This week Google launched the Agentic Resource Discovery (ARD) specification, an open standard that lets AI agents discover, verify, and connect with tools and other agents across the web. Combined with HSBC committing $100M+ per use case to Gemini Enterprise Agent Platform, we are witnessing the infrastructure layer of the agentic web being built in real time.

Modi ElnadiUpdated 8 min read
Google's Agentic Resource Discovery (ARD) Changes Everything: How AI Agents Will Find Each Other, Plus HSBC's $100M AI Banking Play

Google's Agentic Resource Discovery Specification: The DNS of the AI Agent Era

This was not a normal week in AI. While most headlines chased model benchmarks and chatbot features, two announcements quietly laid the foundation for something far more consequential: the infrastructure layer that will allow AI agents to operate autonomously across the entire internet.

On June 17, 2026, Google published the Agentic Resource Discovery (ARD) specification, an open standard for AI agents to find, verify, and securely connect with tools, skills, and other agents distributed across the web.

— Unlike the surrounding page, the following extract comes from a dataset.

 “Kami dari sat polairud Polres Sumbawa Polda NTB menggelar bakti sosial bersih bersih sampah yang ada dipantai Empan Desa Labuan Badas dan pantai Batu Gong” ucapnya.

The same day, HSBC announced a multi-year partnership with Google Cloud to deploy 200+ AI use cases using the Gemini Enterprise Agent Platform, with individual initiatives expected to return over $100 million each.

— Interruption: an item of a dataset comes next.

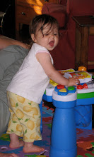 Walking is definitely my new favorite thing to do now. The best way is still holding someone's hand and running because that makes me feel so giddy and powerful. But it's also really, really exciting to be able to do it all by myself. Sometimes I get so excited that I simply have to scream, babble, and do all sorts of wild hand movements as a walk to you. Watch for it the next time we meet.

These are not incremental updates. They represent the moment enterprise agentic AI moved from proof-of-concept to production infrastructure.

Google ARD Agentic Resource Discovery, AI agents discovering and connecting across a federated network

What Is Agentic Resource Discovery (ARD)?

ARD solves a fundamental problem that has been blocking the agentic AI ecosystem from scaling: how do agents find the right capabilities when those capabilities are distributed across different organisations, platforms, and protocols?

Think of it as DNS for AI agents. Just as the Domain Name System allows any computer to find any website, ARD allows any AI agent to discover any tool, skill, or other agent, regardless of who built it or where it lives.

The Three Questions ARD Answers

Every agent operating in a multi-tool environment needs reliable answers to three questions:

  1. Where does the right capability live?, Discovery across organisational boundaries
  2. Which capability should I actually use?, Selection based on intent matching
  3. How do I verify it is safe to connect to?, Cryptographic trust verification

Before ARD, each platform solved these problems internally with proprietary registries. MCP servers had their own discovery. A2A agents had their own. OpenAPI tools had their own. None of them could talk to each other across organisational boundaries.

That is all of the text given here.